Kompas.com:
Ketika Iwan malam itu mendedah tembang lawasnya, "Mimpi Yang Terbeli", malam itu, ribuan penonton sepertinya setuju bahwa membeli mimpi telah menjerat hari-hari mereka. Dan koor massal pun menggema.
"Sampai kapan mimpi-mimpi itu kita beli//Sampai nanti sampai habis terjual harga diri//Sampai kapan harga-harga itu melambung tinggi//Sampai nanti sampai kita tak bisa bermimpi..."

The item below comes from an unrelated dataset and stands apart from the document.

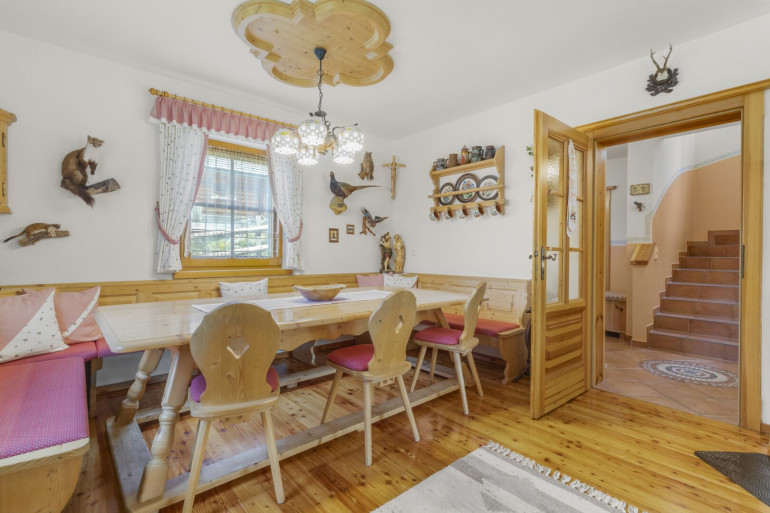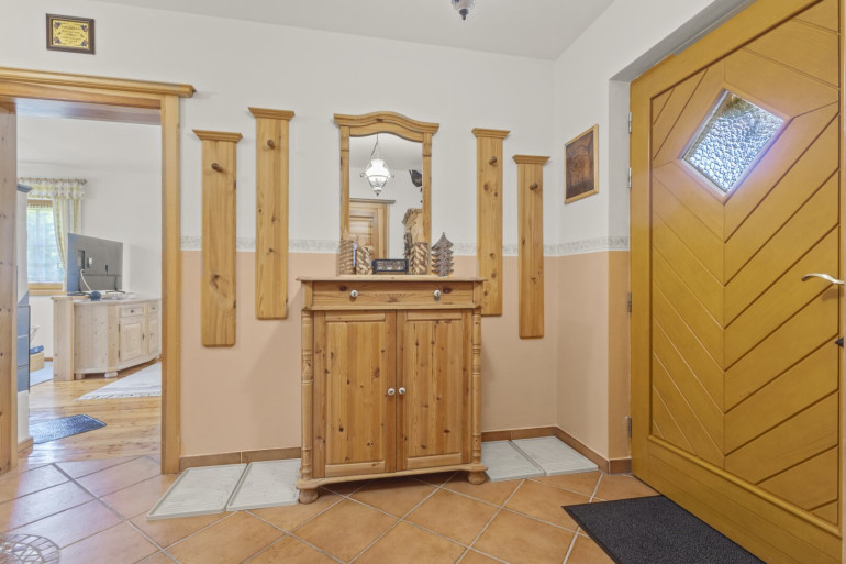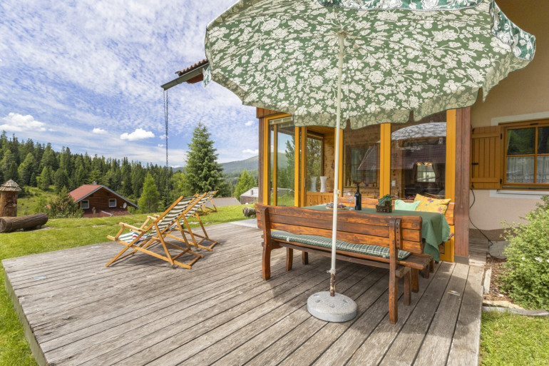 Das Ferienhaus wurde 2009 errichtet und liegt in sonniger Südlage. Esbietet von der Terrasse und vom lichtdurchflutetem Wintergarten aus einen atemberaubenden Blick auf die umliegenden Berge.

Bagi Iwan Fals, bermusik bukan hanya sekadar eksistensi, melainkan juga tuturan akan nilai. "Ini rekaman hidup, berikan rasa secara tulus," ujarnya. Dalam rinai gerimis, rasa itulah yang dibagikan Iwan kepada belasan ribu penggemarnya di Lapangan Yon Armed, Purwakarta, Kamis (9/5/2013) malam.
Petang itu suasana sekitar Batalyon Armed, Purwakarta, tak seperti biasa. Tangsi militer di pinggiran kota yang biasanya senyap itu hiruk pikuk oleh ribuan orang yang berbondong-bondong menuju tanah lapang di jantung tangsi. Bukan tentara yang sedang berbaris, melainkan rombongan orang yang sebagian besar membawa atribut-atribut bertuliskan OI—banyak yang mengartikan sebagai Orang Indonesia. OI terpampang di kaus, poster, bendera, ataupun spanduk.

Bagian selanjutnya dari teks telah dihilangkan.